In case it wasn’t apparent, you can’t use Gmail without having a Google cookie installed on your system.  There’s no reason for this functionally other than to make sure that Google can track your search activities – frankly, this should be reason enough alone to not use Gmail.

PATTERN MAPPING
Tracking isn’t just dependent on your IP address or your Google cookie.  When you visit Google.com or a page that’s a Google affiliate, you present your Operating System, your Browser type, and all kinds of interesting information to help the web site present a web experience suitable for your computer configuration.  And that information classifies you, thus narrowing down who you are.  This alone narrows you down to a very small part of the Google using population – even if you’re using Windows XP SP2 & Internet Explorer 6.02.
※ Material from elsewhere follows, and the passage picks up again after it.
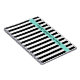 Personalised notebook featuring a pattern of black and white stripes. Across is an aqua blue band with customisable text. Add a name or other text. Elegant, contemporary design for women.
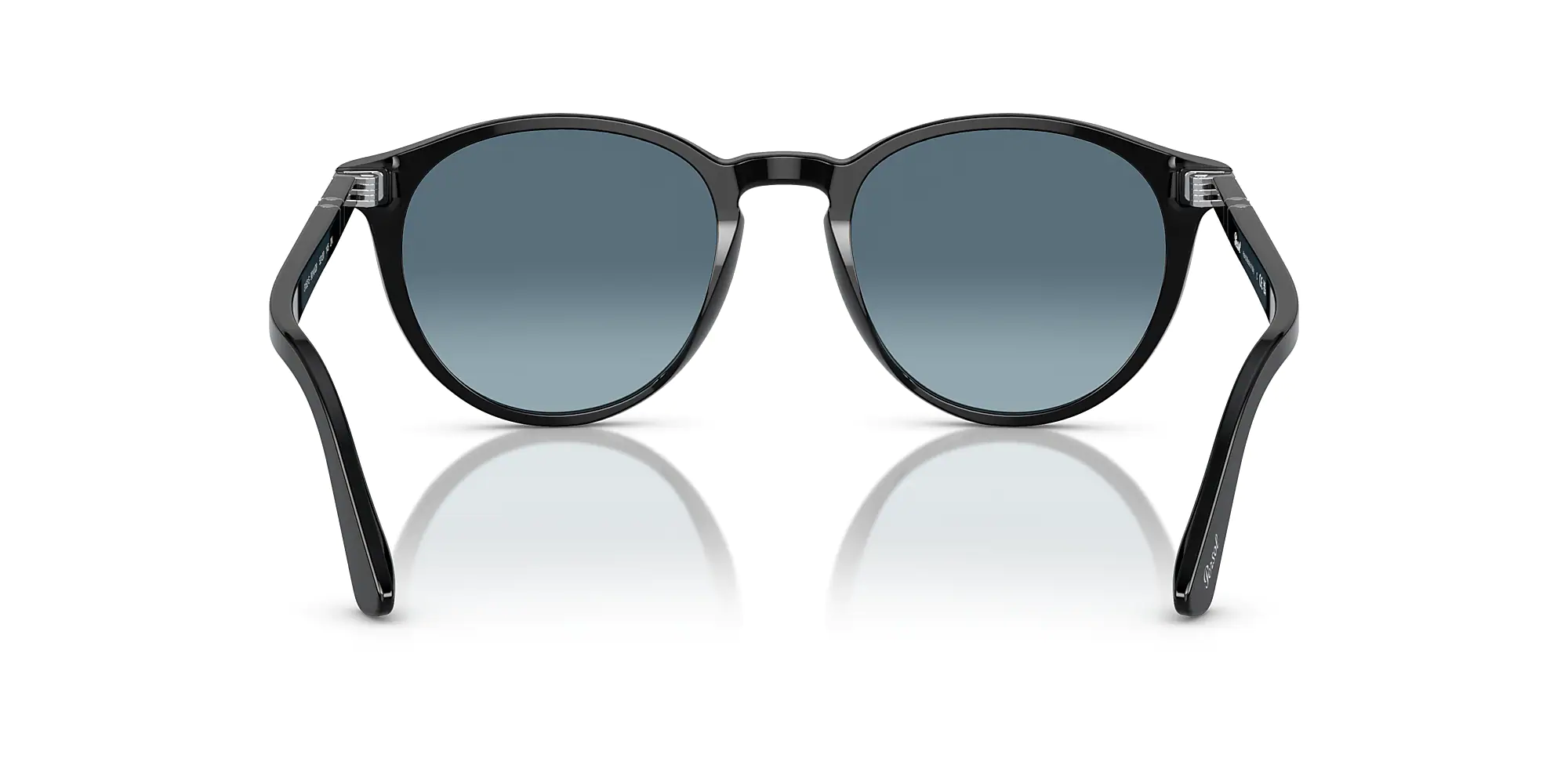 Occhiale da sole Persol modello maschile in celluloide nero lucido la forma e tonda, le lenti sono infrangibili azzurro sfumato.

Now comes the tricky part:  How to identify a person based on what they search for.  Everyone’s search patterns are like a fingerprint:  Your search patterns are unique and unlike that of anyone else’s.  I’ve only read about this a couple times and this is part of the voodoo science I don’t completely understand.  As I find more about this I’ll post it but right now, I’m not completely sure how to cloak this.

REFERENCES

One Response to HOWTO: How to avoid being tracked by Google

  1. bazt says:

    Excellent blog Kurt!, Still not sure if I trust MS though?